Is an MBA Worth It in 2011? - jaybol
http://www.knewton.com/gmat/mba/worth-it/
======
ccashell
I think it's worth it for a very small number of people. They note that a top
school will cost you $50k per year in tuition. If you figure 2 years for an
MBA, that's $100k. If you invested that for 30 years at 5% interest, it comes
out to $432k. Very close to the difference in lifetime earnings between a
Bachelor's degree, $2.7 million, and an MBA, $3.2 million (all numbers are
from article).

I also think an MBA has become a bit diluted.
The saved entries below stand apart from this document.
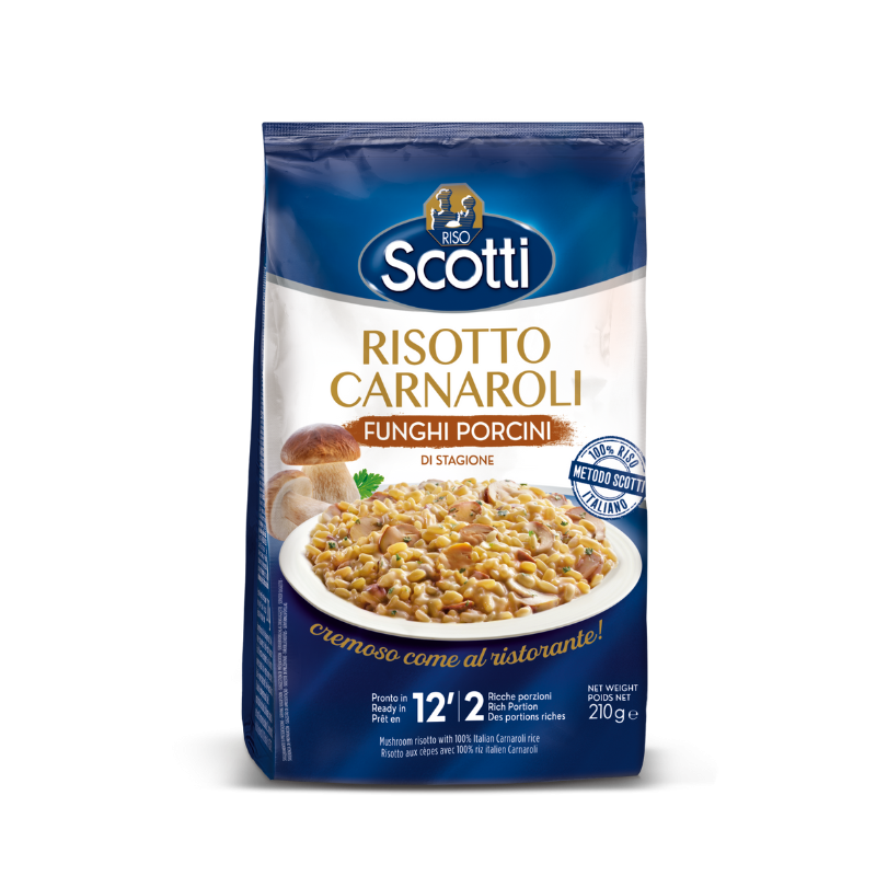Ingredienti: Riso 83,5%, farina di riso, funghi porcini 3% (Boletus edulis e relativo gruppo), preparazione a base di formaggio in polvere (formaggio in polvere, ( latte, sale, caglio, siero di latte) siero di latte, aromi, sale), aromi naturali, sale marino, preparato a base di olio di oliva in polvere (olio di oliva, sciroppo di glucosio, proteine del latte, aromi naturali), latte, intero in polvere, zucchero, cipolla, prezzemolo 0,2%, aglio in polvere.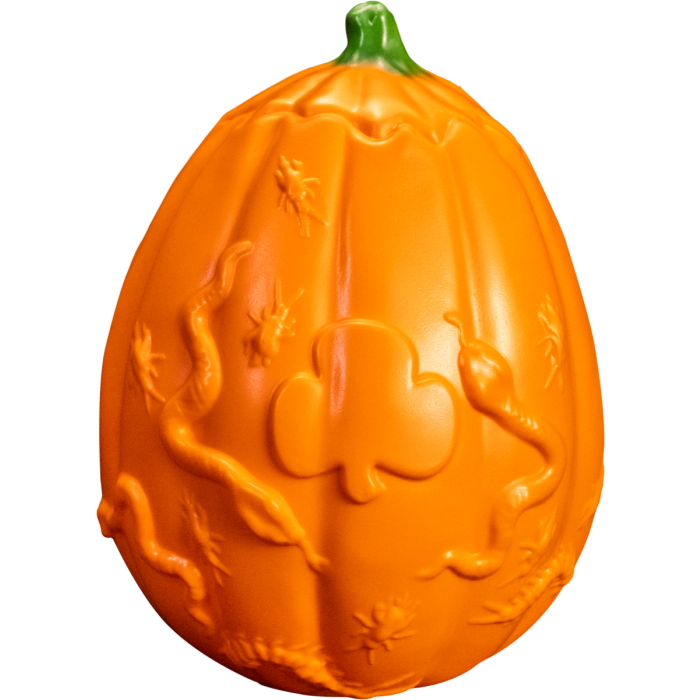 This classic blow mold Jolly Jack O'Lantern is based on the Silver Shamrock Pumpkin Mask and includes sculpted snake, bug, and shamrock details on the back of the pumpkin. This amazing pumpkin has 2 modes - steady on & Blinking with music.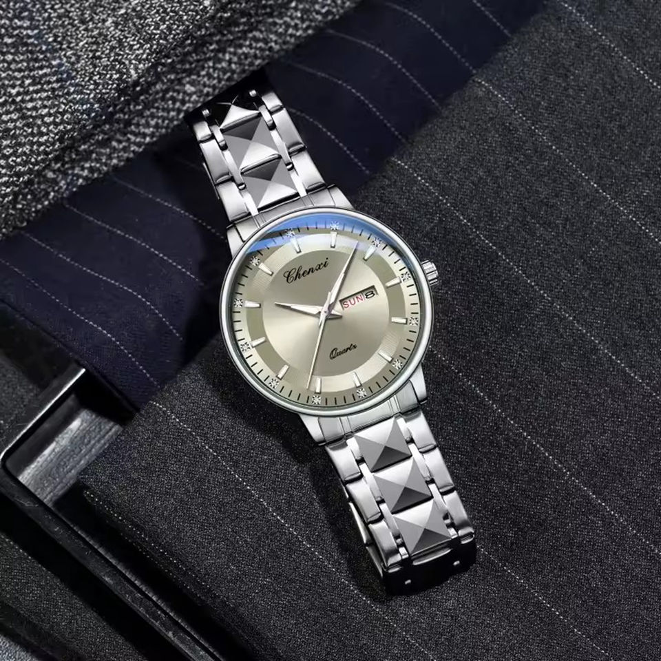Chenxi นาฬิกาควอทซ์601ผู้ชาย, นาฬิกาแฟชั่นปฏิทินสัปดาห์สายสแตนเลสเรืองแสงนาฬิกาธุรกิจกันน้ำ
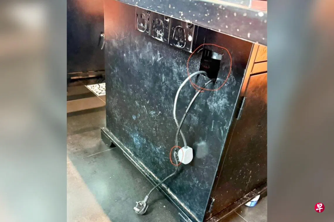根据她提供的照片,餐桌下方电线处的洞口、插头和外壁被熏黑,电线则已脱落。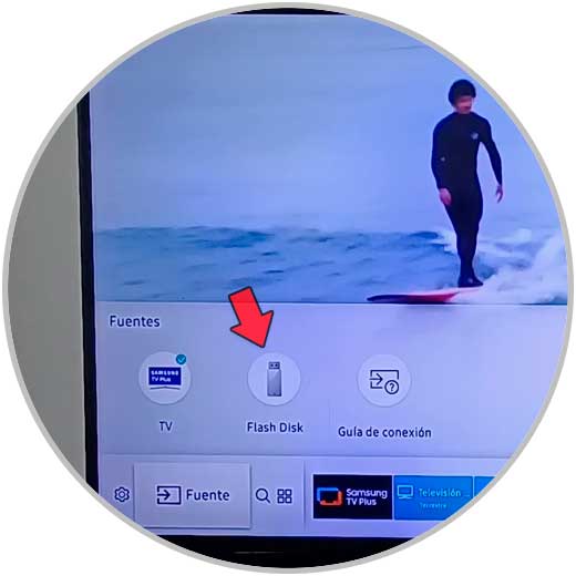 Pulsamos en las flechas del mando para movernos por las diferentes opciones del menú hasta llegar a la opción “Fuente” y se desplegarán opciones sobre éstas. Ahora, pulsaremos en “Flash disk”.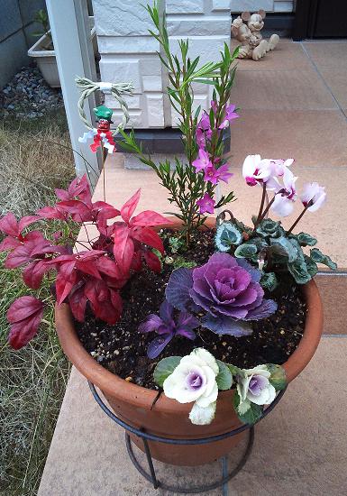 お正月っぽい寄せ植えにしたつもりですがどうでしょうか?
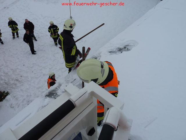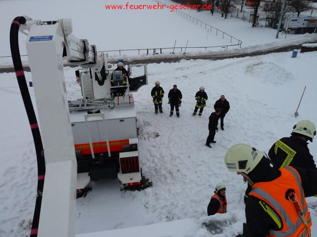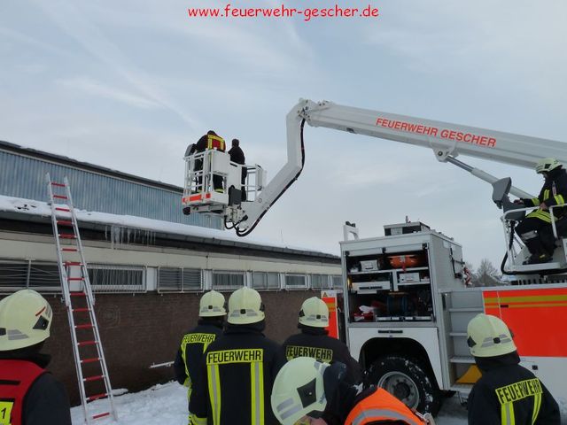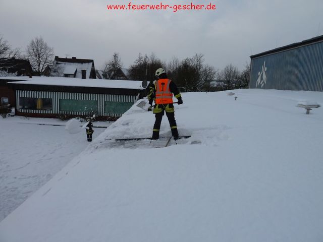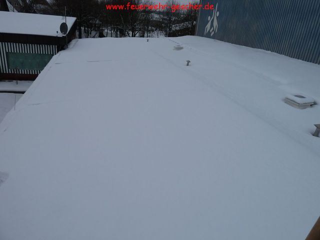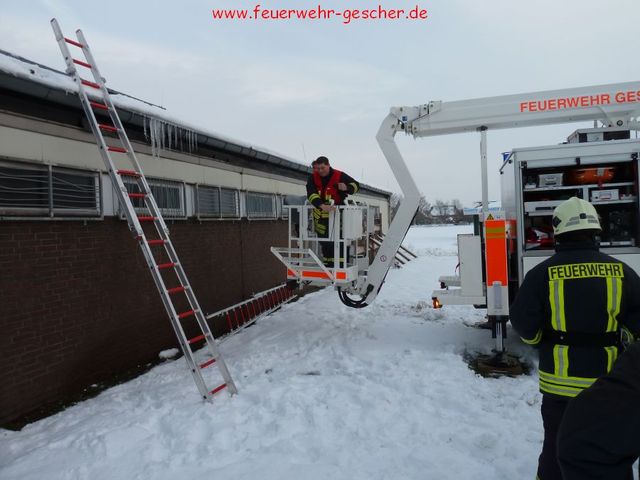 Nachdem die Stadt Gescher mit Dachdeckern und mit unserem Teleskopmast (TM22) und Stadtbrand Inspektor Christian Nolte zur Untersuchung der Dächer der öffentlichen Gebäuden ausgerückt war, wurden die Kameraden gegen 14:30 Uhr zur Wache gerufen. Mit vereinten Kräften sollte das Dach der Umkleidekabinen der Dreifachhalle am Schulzentrum von den teilweise ca. 40 cm hohen Schneemassen befreit werden. Da das gesamte Gebäude mit Photovoltaik Platten ausgelegt ist konnte das Dach nur teilweise begangen und geräumt werden. Stadtbrand Inspektor Christian Nolte ordnete darauf hin an, dass die Halle bis zur erneuten Überprüfung durch die Stadt Gescher und Statikern gesperrt wird. Gegen 17:00 Uhr war der Einsatz beendet.
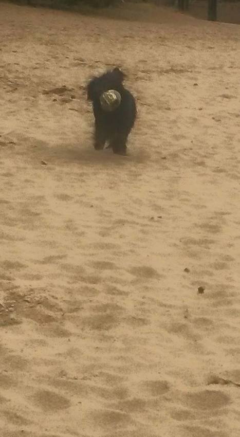 Met Black ben ik nog wel naar het bos geweest, naar de zandverstuiving gelopen. Daar lag een bal, daar ging hij mee spelen dus daarna zat hij onder het zand.![]()

Lots of people have them, and
that's reduced the wow factor. Heck, having an MBA is even the butt of jokes
(<http://www.youtube.com/watch?v=NcoDV0dhWPA>). Now, I'm not saying an MBA is
bad, but I don't think it has the same prestige that it did 10, 15, or 20
years ago. There are definitely still some industries and some people who view
them in very high regard.

I don't think it's worth getting an MBA "just because". Analyze the industry
you work in and your career goals, and decide based on that. For most people,
however, I think you might be better off getting the knowledge on your own
(something like Josh Kaufman's Personal MBA concept
(<http://personalmba.com/manifesto/)>).